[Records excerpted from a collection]
════════════════════

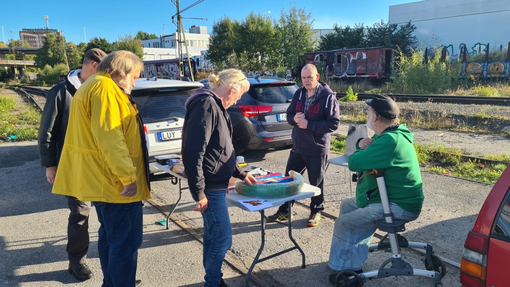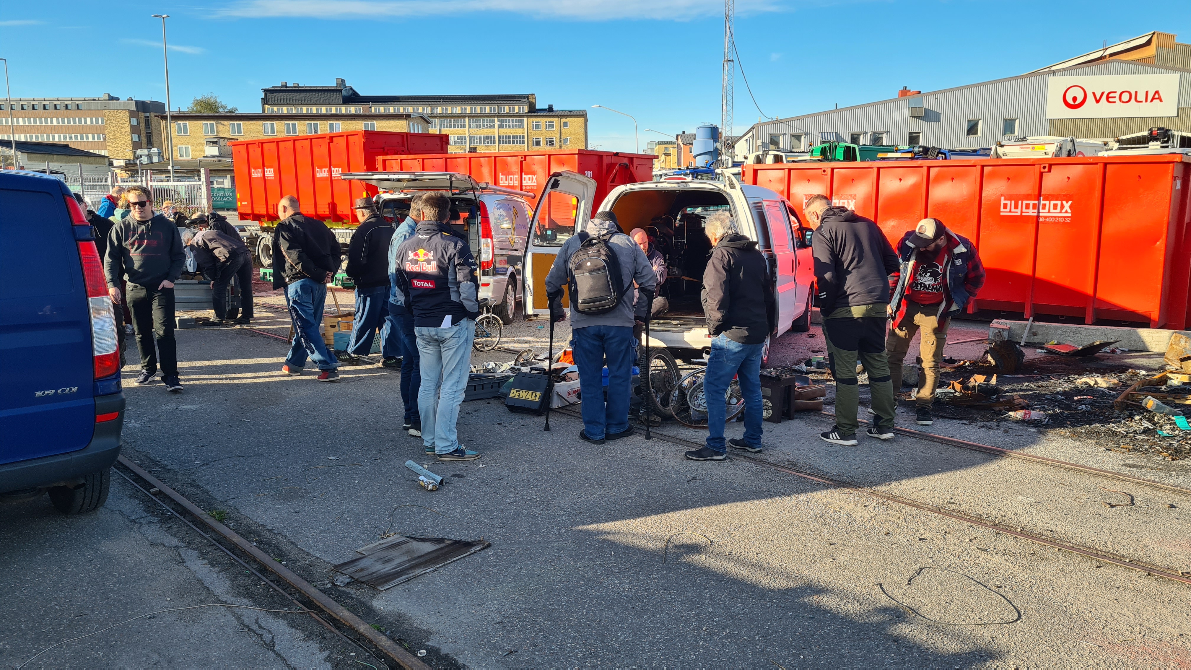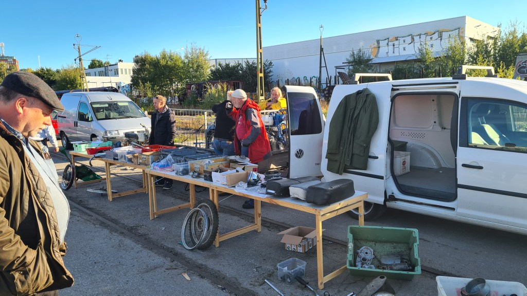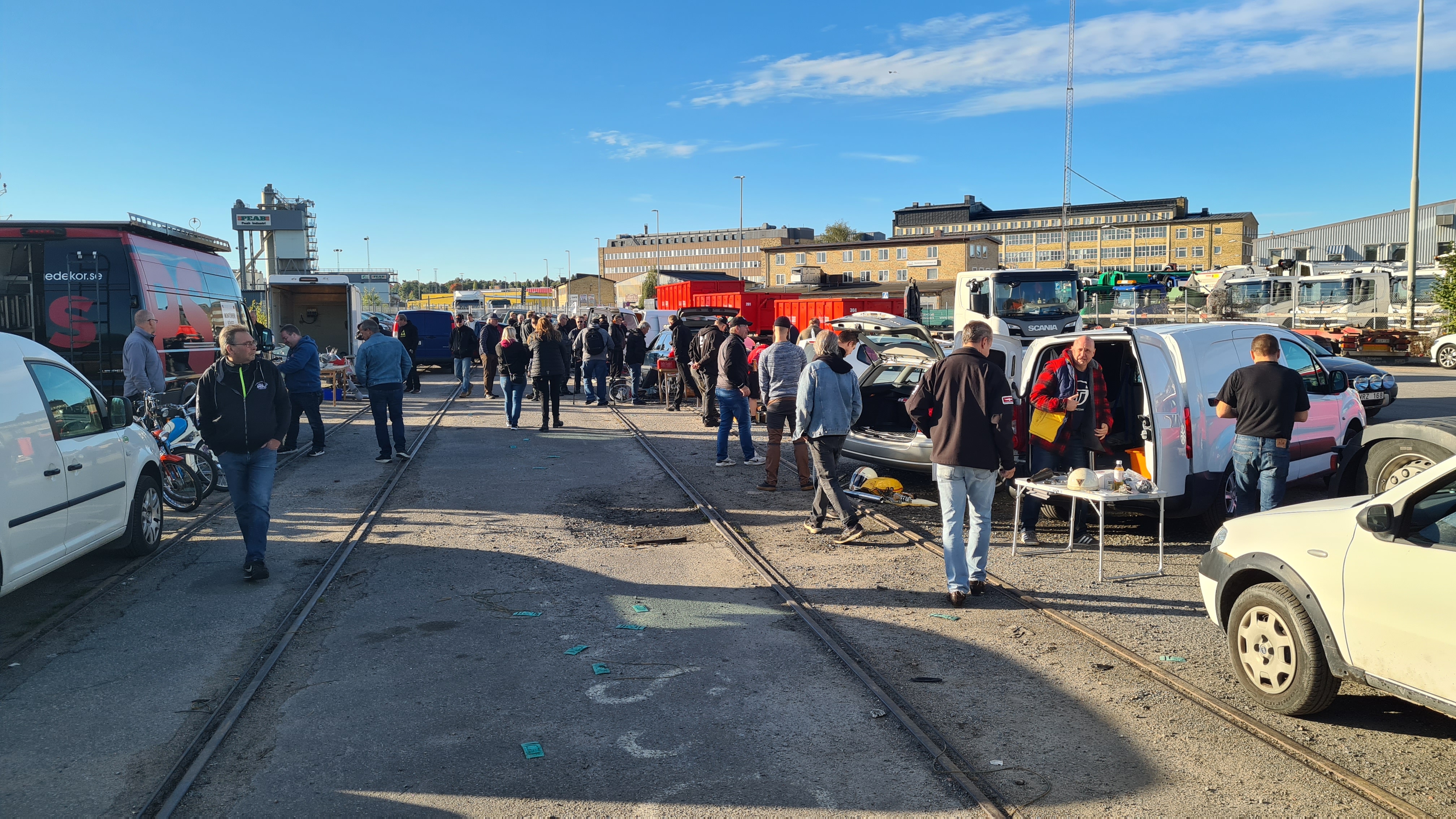 I strålande solsken så arrangerade vi för första gången på länge den i år rätt så välbesökta Moppisen. I år så höll vi Moppisen på ett annat ställe än under Liljeholmsbron, efter några års bråkande med ett p-bolag. Istället valde vi Västberga Industriområde där vi känner oss hemma och på ett utrymme som tidigare var SJ´s Frilastområde och som idag används sporadiskt för omlastningar. Vi gjorde som vi brukar; vi sätter en plats, ett datum och en tid, det är allt, resten ordnar de som vill sälja eller handla och de placerar sig där de vill.
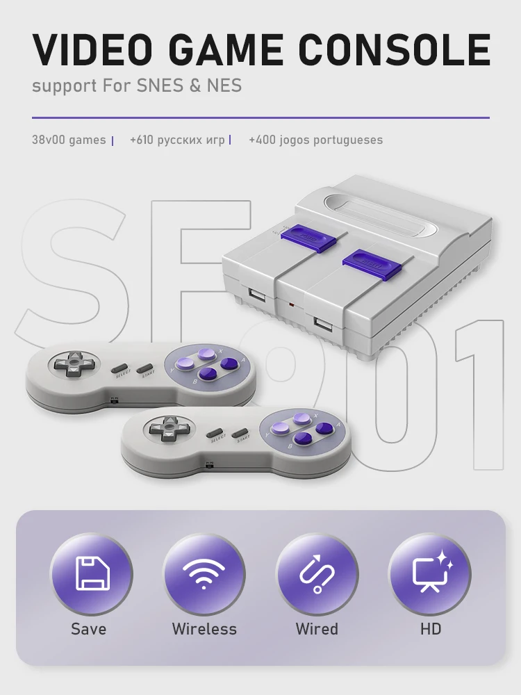 A Loja Jogos Antigos e Nerdices te apresenta agora a fusão entre os melhores jogos desenvolvidos pela Nintendo com a melhor tecnologia de jogabilidade. Apresentamos especialmente pra você o nosso super Nintendo Retrô HD com dois controles sem fio e mais de 4800 Jogos de Super Nintendo e Nintendo 8 Bits já instalados.
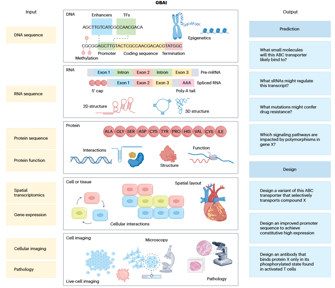 生成式人工智能的最新创新使得开发通用模型成为可能,这些模型能够执行多种分析下游任务,包括分类、预测和生成,且无需为每种应用进行大量训练。虽然目前大多数生物AI模型所执行的任务仅限于单一领域,但能够预见生物AI的下一个前沿将是跨多种生物数据类型(如核酸序列、蛋白质结构、显微镜图像、细胞表征等)进行处理和预测。具体而言,作者将GBAI定义为一种愿景,旨在构建统一的系统,该系统能够跨多个生物领域进行解读、合成和扩展,从而有效执行需要跨领域理解的多种生物任务(图1)。未来,这些整体性方法将具备整合不同分子生物学层次的遗传和细胞数据的潜力,从而推动科学设计与发现。
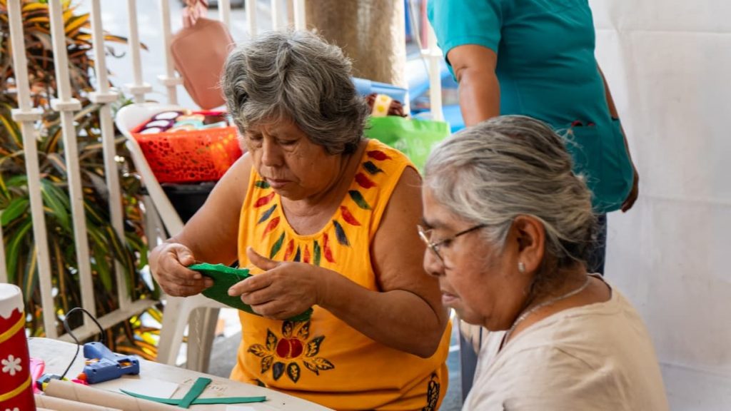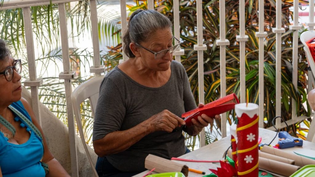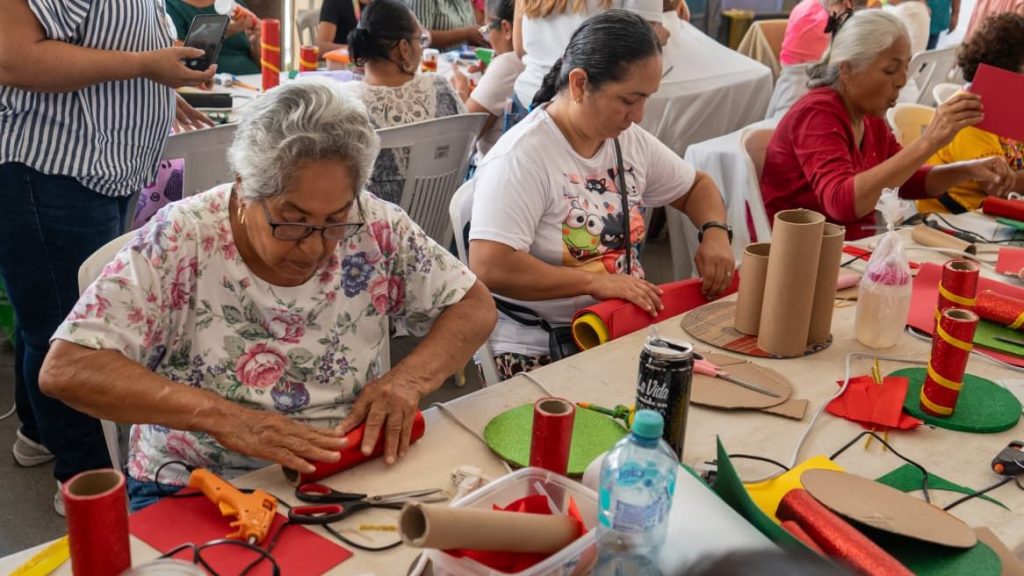 En lo que respecta al taller de manualidades de cartón y listón, las participantes empezaron a elaborar artículos relacionados con las fiestas navideñas.
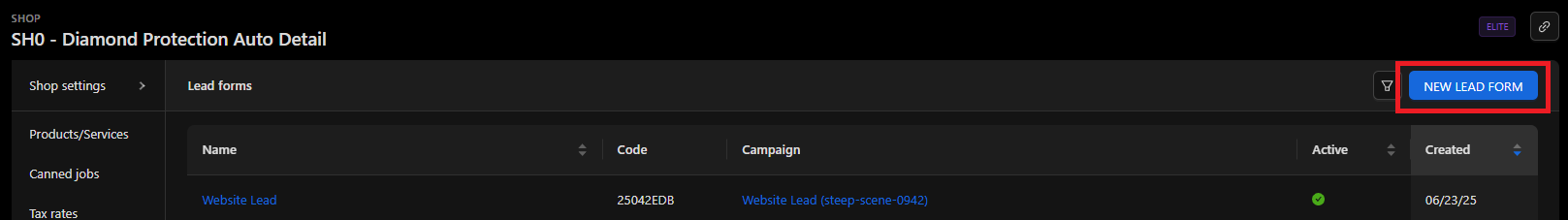 - Once it's activated, you can go to Settings -> Shops -> Your Shop Name -> Lead Forms
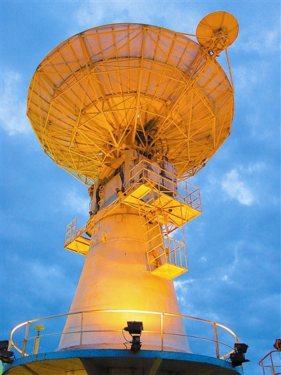 甲板上,2個巨大的乳白色雷達鍋,警覺地注視著衛(wèi)星即將飛來的方位。船艙內(nèi),一排排彩色顯示屏幕上,不斷變化著各種信息畫面和數(shù)據(jù)。船員們各自堅守著崗位。
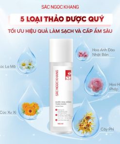 Để cứu nguy làn da khỏi tình trạng khát ẩm, khôi phục vẻ mềm mại, sáng khỏe thì Nước Hoa Hồng Thảo Dược Sắc Ngọc Khang là người bạn đồng hành không thể thiếu. Sản phẩm được kết tinh từ 5 loại thảo dược thiên nhiên quý báu, an toàn cho mọi loại da:
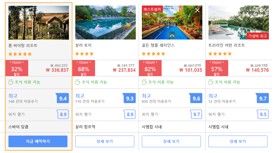 씨엠립 품 바이탕 리조트 (Phum Baitang Resort)의 최저 가격대는 아고다에서 할인특가 가격으로 매일매일 변동되며 20만원대부터 다양하게 형성됩니다. 아고다 최저가를 확인하시려면 아래 링크를 누르시면 원하는 날짜의 가격대를 자세히 보실 수 있습니다.
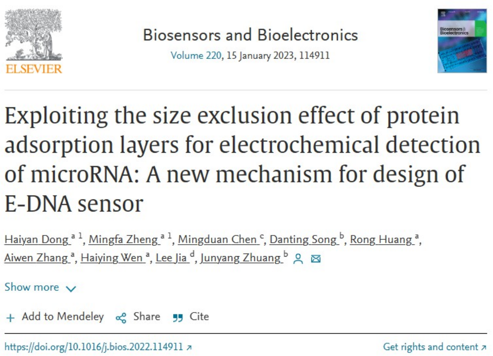 2023年1月15日,足球资讯-足球新闻最新 董海燕副研究员与药学院庄君阳副研究员合作,在Biosensors and Bioelectronics杂志(中科院JCR一区,IF=12.545)发表题为“Exploiting the size exclusion effect of protein adsorption layers for electrochemical detection of microRNA: A new mechanism for design of E-DNA sensor”的研究论文。该研究通过与双链特异性核酸酶(DSN)辅助靶循环策略偶联,开发了一种灵敏度高、特异性好、线性范围宽的新型电化学DNA(E-DNA)传感器,用于复杂生物样品中的微小RNA(miRNA)的检测,为构建E-DNA传感器提供了一种全新机制。

════════════════════

• **Exercise requirements**
Copy only these lines from the records above, exactly: the one with "En lo que respecta", the one with "씨엠립 품 바이탕 리조트", and those between. Skip the pictures.

• **Answer space**
 En lo que respecta al taller de manualidades de cartón y listón, las participantes empezaron a elaborar artículos relacionados con las fiestas navideñas.
 - Once it's activated, you can go to Settings -> Shops -> Your Shop Name -> Lead Forms
 甲板上,2個巨大的乳白色雷達鍋,警覺地注視著衛(wèi)星即將飛來的方位。船艙內(nèi),一排排彩色顯示屏幕上,不斷變化著各種信息畫面和數(shù)據(jù)。船員們各自堅守著崗位。
 Để cứu nguy làn da khỏi tình trạng khát ẩm, khôi phục vẻ mềm mại, sáng khỏe thì Nước Hoa Hồng Thảo Dược Sắc Ngọc Khang là người bạn đồng hành không thể thiếu. Sản phẩm được kết tinh từ 5 loại thảo dược thiên nhiên quý báu, an toàn cho mọi loại da:
 씨엠립 품 바이탕 리조트 (Phum Baitang Resort)의 최저 가격대는 아고다에서 할인특가 가격으로 매일매일 변동되며 20만원대부터 다양하게 형성됩니다. 아고다 최저가를 확인하시려면 아래 링크를 누르시면 원하는 날짜의 가격대를 자세히 보실 수 있습니다.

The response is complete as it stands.